AI May Enhance Clinical Skills, Competence

On January 23, 2026

Artificial intelligence (AI) is getting better at assessing clinical skills and maybe even augmenting competence, but when it comes to bedside encounters, it may not be the answer, according to plenary speakers for the Lois Margaret Nora Endowed Lecture at ABMS Conference 2025.

Measuring competence

Dr.

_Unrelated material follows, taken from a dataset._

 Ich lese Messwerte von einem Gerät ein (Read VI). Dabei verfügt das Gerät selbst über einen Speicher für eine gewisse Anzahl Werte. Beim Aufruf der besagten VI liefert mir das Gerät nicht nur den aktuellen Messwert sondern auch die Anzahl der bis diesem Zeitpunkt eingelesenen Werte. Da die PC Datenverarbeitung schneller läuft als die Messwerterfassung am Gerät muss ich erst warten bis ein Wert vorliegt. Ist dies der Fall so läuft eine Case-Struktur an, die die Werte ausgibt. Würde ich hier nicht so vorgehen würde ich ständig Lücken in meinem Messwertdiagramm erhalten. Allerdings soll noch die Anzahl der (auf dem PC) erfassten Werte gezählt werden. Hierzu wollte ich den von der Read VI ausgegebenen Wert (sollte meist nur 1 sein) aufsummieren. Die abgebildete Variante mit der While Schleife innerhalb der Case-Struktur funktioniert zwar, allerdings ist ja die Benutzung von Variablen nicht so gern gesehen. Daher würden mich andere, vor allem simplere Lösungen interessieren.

Daglius Dias

Roger Daglius Dias, MD, PhD, MBA, an Associate Professor of Emergency Medicine at Harvard Medical School and Director of Research and Innovation at the STRATUS Center for Medical Simulation at Brigham and Women’s Hospital in Boston, where he leads the Medical AI & Cognitive Engineering Lab, is convinced that AI machine learning can help assess physician competence.

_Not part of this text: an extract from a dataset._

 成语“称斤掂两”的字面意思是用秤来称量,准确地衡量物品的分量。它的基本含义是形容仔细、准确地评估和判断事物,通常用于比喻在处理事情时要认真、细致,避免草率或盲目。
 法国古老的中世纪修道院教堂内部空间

Dr. Dias noted that some current assessment methods – knowledge tests, self-assessments, peer reviews, and observation, among others – can be challenging to validate, especially when assessing higher skill levels. Researchers grapple with proving whether these assessments measure what was intended and how they impact patient-centered outcomes and care, he said. In contrast, other fields such as sports are already using data to drive performance improvement. But trying to measure, for example, “teamwork in the operating room” is not as easy as measuring if an elite athlete is ready to train tomorrow, Dr. Dias explained.

Early-stage studies applying machine learning to competence assessment, including a 2017 systematic review he co-authored, were designed to prove feasibility of the technology. New advances in technology, especially AI, are just now allowing researchers to tap into measuring complex skills and competencies in a more objective and scalable way, he said.

Dr. Dias cited numerous studies he is currently working on that focus on validity and reliability of AI machine learning to assess physician competence.

His team is collaborating with the American Tennis Association on a National Institute of Health (NIH) five-year project to learn how elite athletes measure performance and coach performance to improve and apply those methods to surgeons. Using cameras and wearable sensors in the operating room (OR), AI is capturing surgeons’ motions, team dynamics, and cognitive load.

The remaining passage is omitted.